Source material:
──────
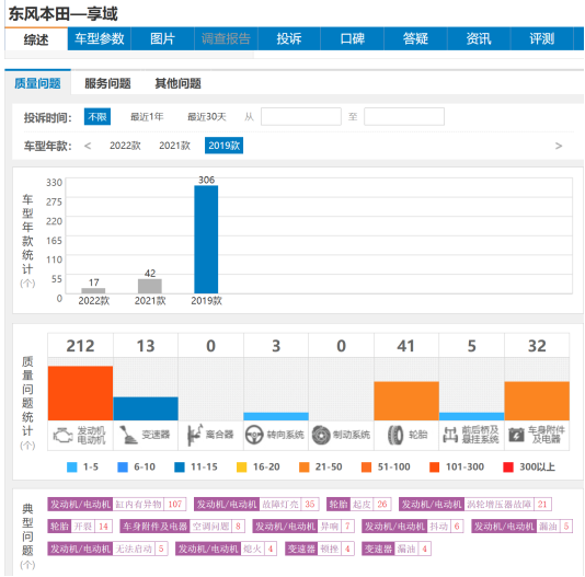 彭先生的经历只是冰山一角。车质网数据显示,2019款享域的306件质量投诉中,正时皮带掉毛堵塞涡轮问题达107件,占比超三分之一,成为该车型最核心的投诉痛点。
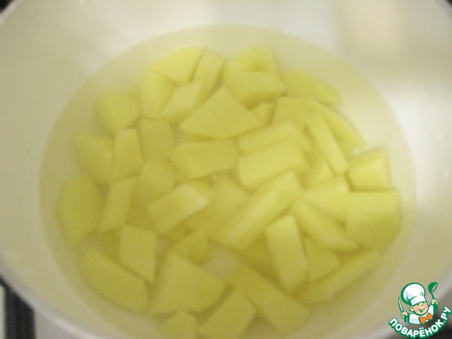Одну крупную картошку почистить, порезать, отварить в небольшом количестве воды.
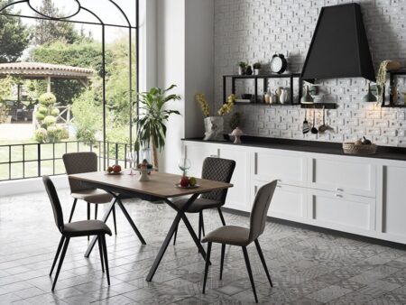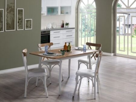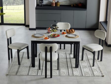 Das Alya-Esszimmerset verleiht Ihren Wohnräumen mit seinem modernen Avantgarde-Stil und eleganten Details Eleganz und Ästhetik. Die herrliche Harmonie der Creme- und Cappuccino-Farben, kombiniert mit dem faszinierenden Glanz der Golddetails, verleiht Ihrem Esszimmer eine edle Note. Der natürliche Farbübergang rundet den frischen und eleganten Look des Anzugs ab. Elegante Goldgriffe und speziell gestaltete Beine verleihen dem Set eine moderne Note. Die auf den Tischen und Oberflächen verwendete Travertin-Marmormuster-Applikation verstärkt die moderne Ästhetik des Sets. Feine Detailverarbeitung und elegante Profilapplikationen unterstreichen den anspruchsvollen Charakter des Designs. Dieses Detail, das den visuellen Reichtum des Sets erhöht, verbindet Modernität mit einem romantischen Ansatz. Während es durch sein stilvolles und elegantes Design die Blicke auf sich zieht, ist es ein beeindruckendes Beispiel für modernen Avantgarde-Stil. Durch sein ergonomisches Design und die großen Ablageflächen bietet er einen praktischen Nutzen. Das Alya-Esszimmerset sorgt mit seinen frischen Farben, goldenen Details und dem modernen Design für einen perfekten Look in Ihrem Esszimmer. Dieses Set vereint Ästhetik und Funktionalität und verleiht Ihren Wohnräumen mit seinen eleganten Details und dem originellen Design eine anspruchsvolle Note. Es ist eine ideale Wahl für diejenigen, die Eleganz und Einfachheit miteinander verbinden möchten.
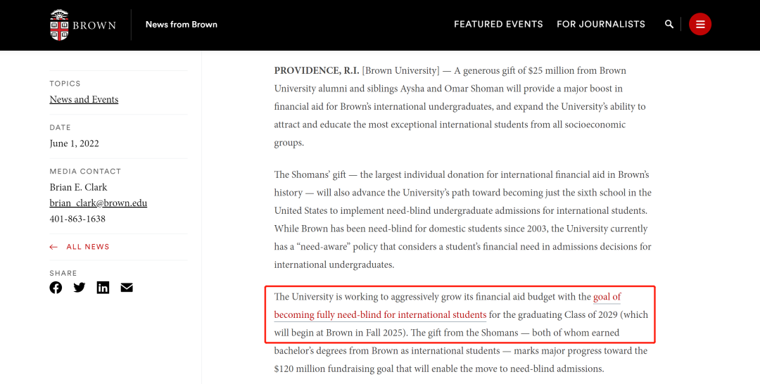 另外,再给大家剧透一个好消息,布朗大学的面向国际生的 Need-Blind 政策也指日可待啦!近日,布朗大学收到了来自一对校友兄妹的 2500 万美金捐赠,用来为布朗的国际本科生提供经济援助。这是布朗历史上最大的一笔国际经济援助个人捐赠,它也推动了布朗成为美国新一所为国际学生实施 Need-Blind 政策的学校。布朗已经预告,新的 Need-Blind 政策将使用于 2029 年毕业,也就是 2025 年秋季入学的本科学生,真是值得期待呀!
──────
Directions:
Only the lines from where the data begins to the line with "Одну крупную картошку", both of them included, should be reproduced word for word; no pictures.

Response to this task:
 彭先生的经历只是冰山一角。车质网数据显示,2019款享域的306件质量投诉中,正时皮带掉毛堵塞涡轮问题达107件,占比超三分之一,成为该车型最核心的投诉痛点。
Одну крупную картошку почистить, порезать, отварить в небольшом количестве воды.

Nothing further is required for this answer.